We take a different view
During periods when economies are unsettled, the returns on capital intensive businesses can improve, whilst those of most other industry sectors weaken. During the early part of 2021 for example, the return on the Premier Miton UK Multi Cap Income Fund was boosted by the holdings in some of these sectors,
The key for us is diversification. Including these kinds of holdings in a portfolio can enhance the prospect for sustained dividend growth and hence the longer-term returns of the strategy. This may help generate returns that are less correlated with that of the mainstream indices. During March 2020, and during the stock market recovery that followed, the Fund performed strongly in our view.
Over the half year to June 2023 however, particularly in the second quarter, the share prices of many small cap minerals, energy and financial services companies have been particularly weak. Even those that exceeded profit forecasts did not appreciate much in value.

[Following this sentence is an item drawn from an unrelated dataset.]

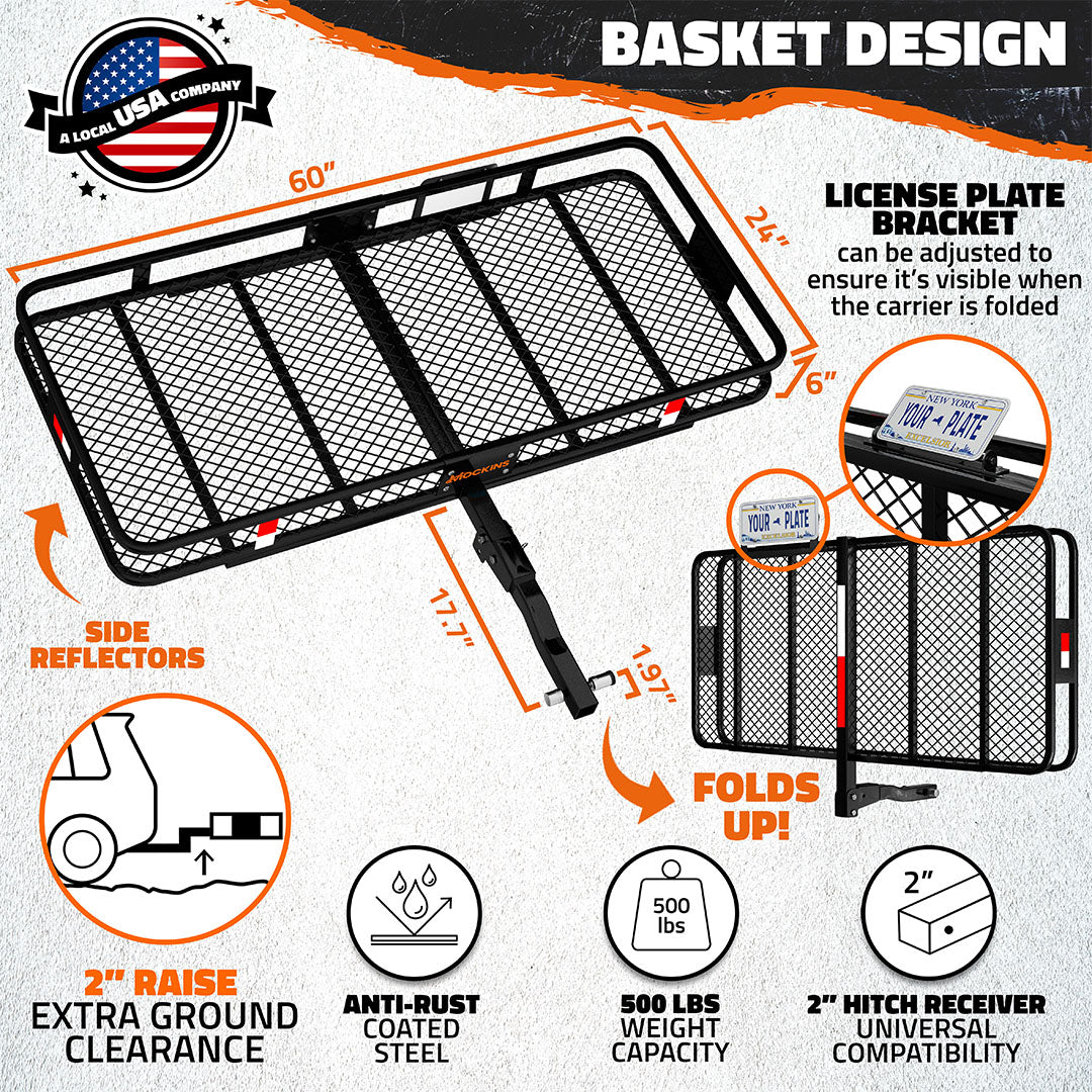 • Hitch basket folds up and comes with a convenient license plate holder.

Many of these were already standing on what we consider to be low valuations. These are companies typically with strong balance sheets and often with net cash balances in many cases. As energy prices have fallen over the half year the share prices of Shell and BP, for example, have held up well as international investors supported them given their low valuations compared to international comparatives.

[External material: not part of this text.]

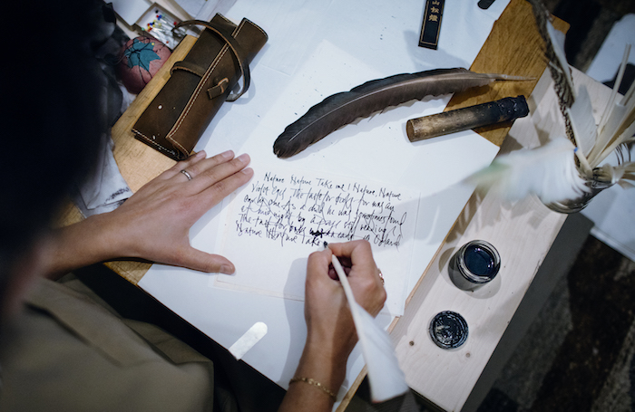 进门后等着你的是Thomas’s Café,它和Burberry里根街旗舰店里的咖啡馆一脉相承。当参观者习惯室内光线后,向右就会看见手工艺者,他们一边做流苏、编织马毛、拼接刺绣、装订图书,一边向访客轻声讲解。最深处的一面墙上贴满本季设计参考,有些是手绘稿,有些是历史文献,还用钉子固定着各种面料,其中包括在上一季大出风头的包袋Patchwork。不过,最突兀的或许是长篇小说《奥兰多》——本季时装灵感便来源于此。它的作者是英国意识流代表弗吉尼亚·伍尔芙,小说中记录了主人公奥兰多从16世纪贵族少年转变为20世纪女性之身,跨越300多年的故事。

Meanwhile the share prices of Jadestone, Kistos, I3 Energy have all fallen more than 40% over the first 6 months of 2023. Whilst the Fund had already reduced holdings in these after they had outperformed well in 2022, the remaining investments detracted from returns over this half year period.

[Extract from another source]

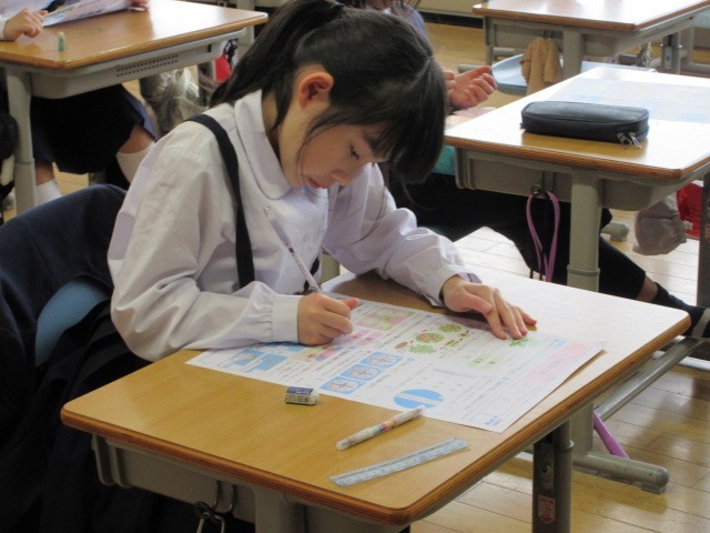今日は、学習した内容のテストを行いました。

Finally, over the last two years the Fund’s holding in a FTSE 100 Index Put option has detracted around 1% per year, including 0.5% during the first 6 months of 2023. This is as anticipated as the Put option adds considerable upside when there are wide falls in equity markets. Its role at these times is to soften any drawdowns in the Fund value. But it can also be sold to fund additional equity income holdings. Because of this we still see value in the Put option currently.
The final word
In summary, in our view the weak returns of the Fund over the last two years are principally related to the share prices of many small cap companies it invests in not appreciating in part due to major UK OEIC redemptions.
The share prices of some of the energy, minerals and financial small caps have been weak over the last six months. The position has been further worsened by the iEnergizer share price collapsing as it delisted, and the FTSE 100 Index Put option detracting because there has not been a substantial and wider reaching fall in equity markets.
The advantages of the Fund investment strategy may be more apparent during geopolitical uncertainty and during stock market setbacks. Given the risk of a global recession, we believe its advantages could be much more apparent in the coming quarters, as it was in the year from March 2020 onwards.